D.6 Multi-kernels setup

This section is mainly following the official document.

To install one IPython kernel, you may use conda or pip to install ipykernel in the environment. If you want to have multiple IPython kernels for different virtualenvs or conda environments, you will need to specify unique names for the kernelspecs.

  1. Activate the environment you want.
conda activate myenv
  1. Install the kernel in the environment.
conda install jupyter
python -m ipykernel install --user --name myenv --display-name "Python (myenv)"

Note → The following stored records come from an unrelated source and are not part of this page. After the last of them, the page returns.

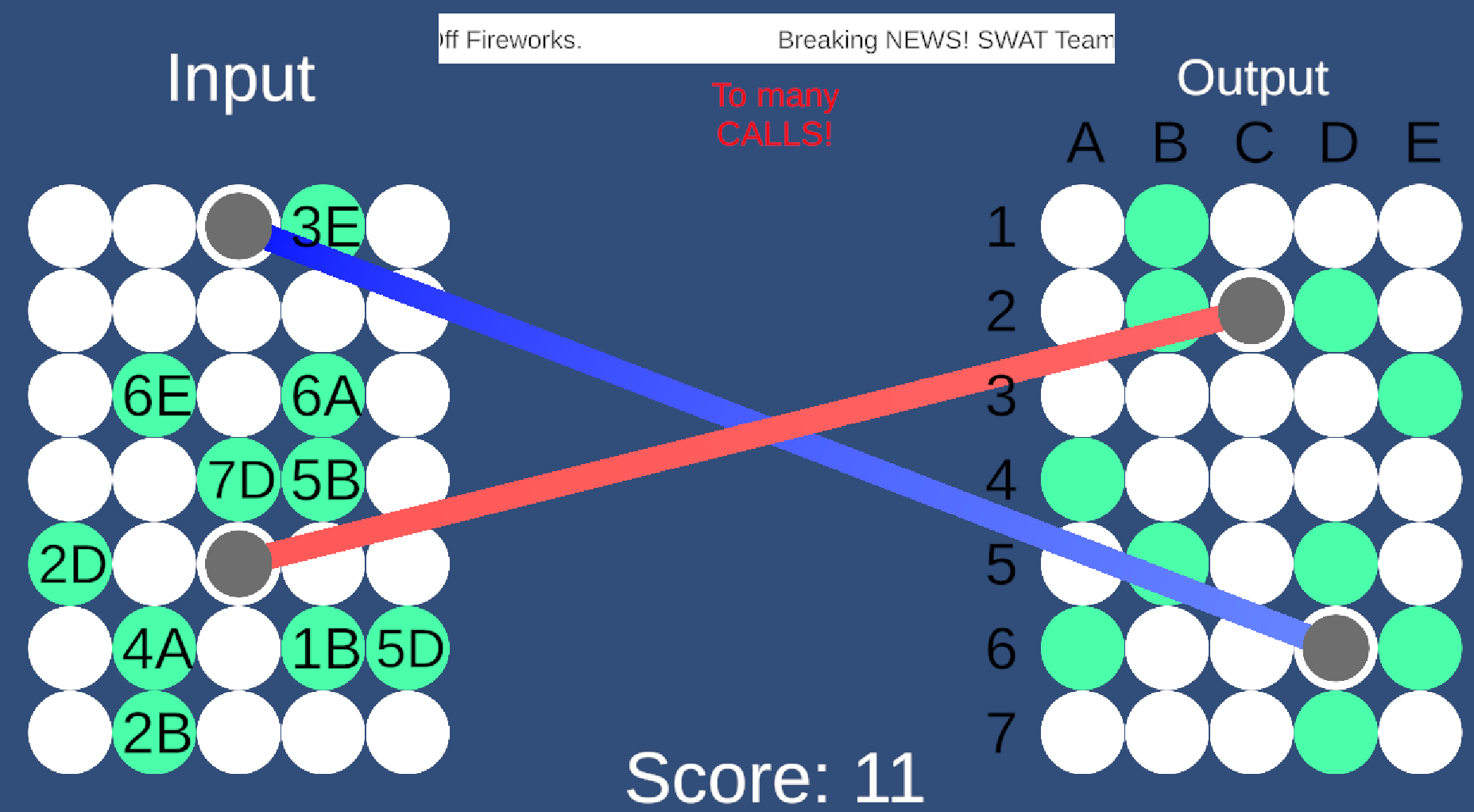 The player is a phone operator for Emergency calls. Their job is to connect the inputs on the left, to the indicated outputs on the right.
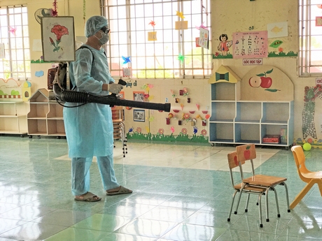 Phun thuốc, khử khuẩn để phòng dịch COVID-19, chuẩn bị cho các em trở lại trường học.
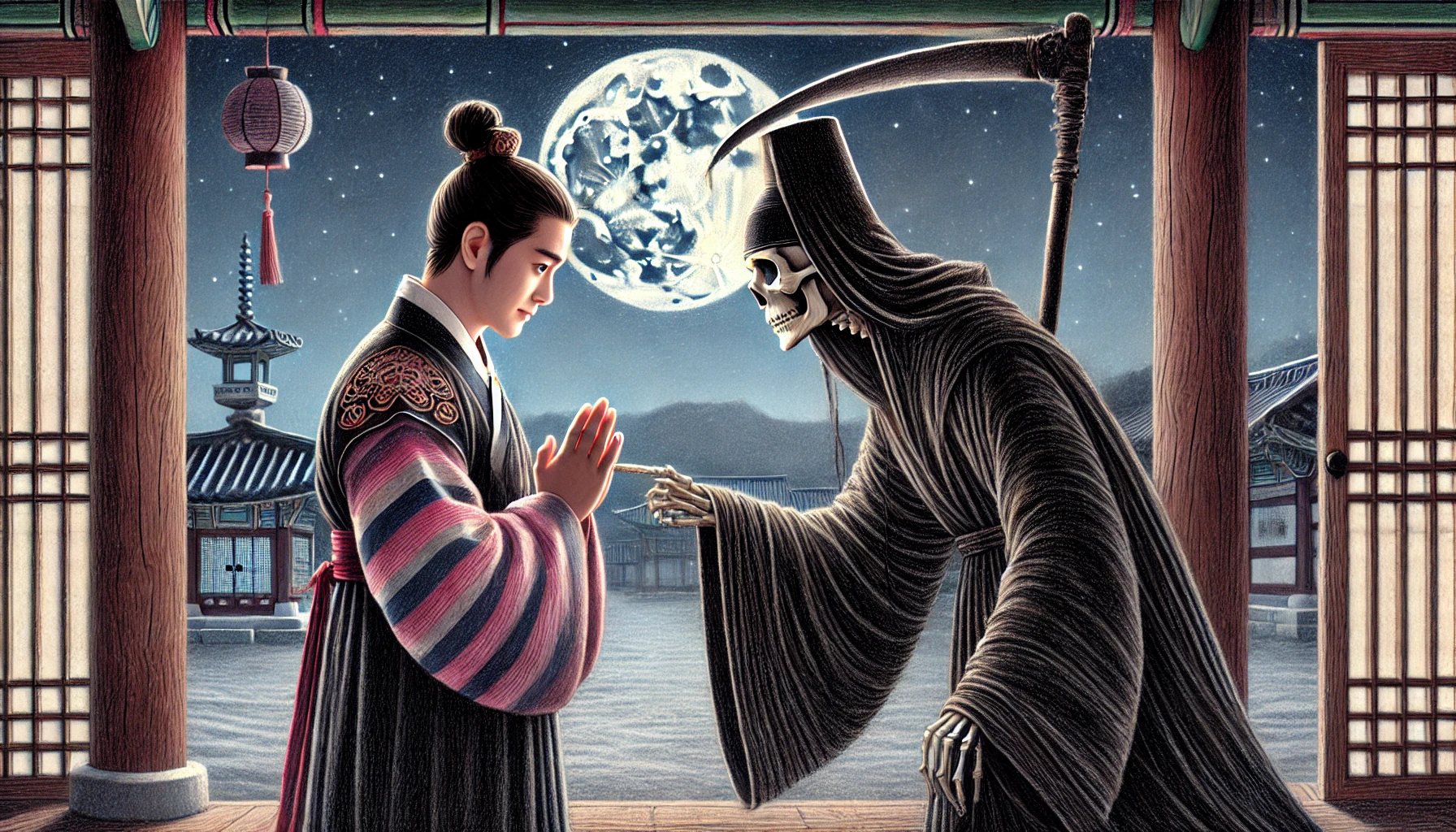 "네 덕행이 워낙 커서, 내가 함부로 네 목숨을 가져갈 수가 없다. 이런 경우에는 상부에 보고를 해야 한다." 저승사자가 절차적 고민을 드러냈습니다. 저승사자는 한참을 고민하더니 말했습니다. "잠깐만 기다려라. 내가 염라대왕께 이 상황을 보고해야겠다." 저승사자가 결정을 내렸습니다.

--user means that the kernel is installed in the user’s folder instead of a system folder, and it can be removed. The --name value (in this case it is myenv) is used by Jupyter internally. These commands will overwrite any existing kernel with the same name. --display-name is what you see in the notebook menus.

  1. You could use the command to find all kernels installed in your system.
jupyter kernelspec list

Available kernels are shown, as well as the path to the kernel configuration file kernel.json. The most important configuration is the path to the Python interpreter executatable file.

kernel.json
{
 "argv": [
  "C:\\Users\\Xinli\\anaconda3\\envs\\myenv\\python.exe",
  "-m",
  "ipykernel_launcher",
  "-f",
  "{connection_file}"
 ],
 "display_name": "Python (3.10)",
 "language": "python",
 "metadata": {
  "debugger": true
 }
}
  1. There is a possibility that Jupyter cannot find the kernel you create in a conda environment. In this case you may want to try nb_conda_kernels. This is a tool to enable a Jupyter notebook in one conda environment to access kernels found in other environments. It should be installed in the environment from which you run Jupyter Notebook or JupyterLab. This might be your base conda environment, but it need not be. After you finish installation, you may use jupyter kernelspec list to check whether it works.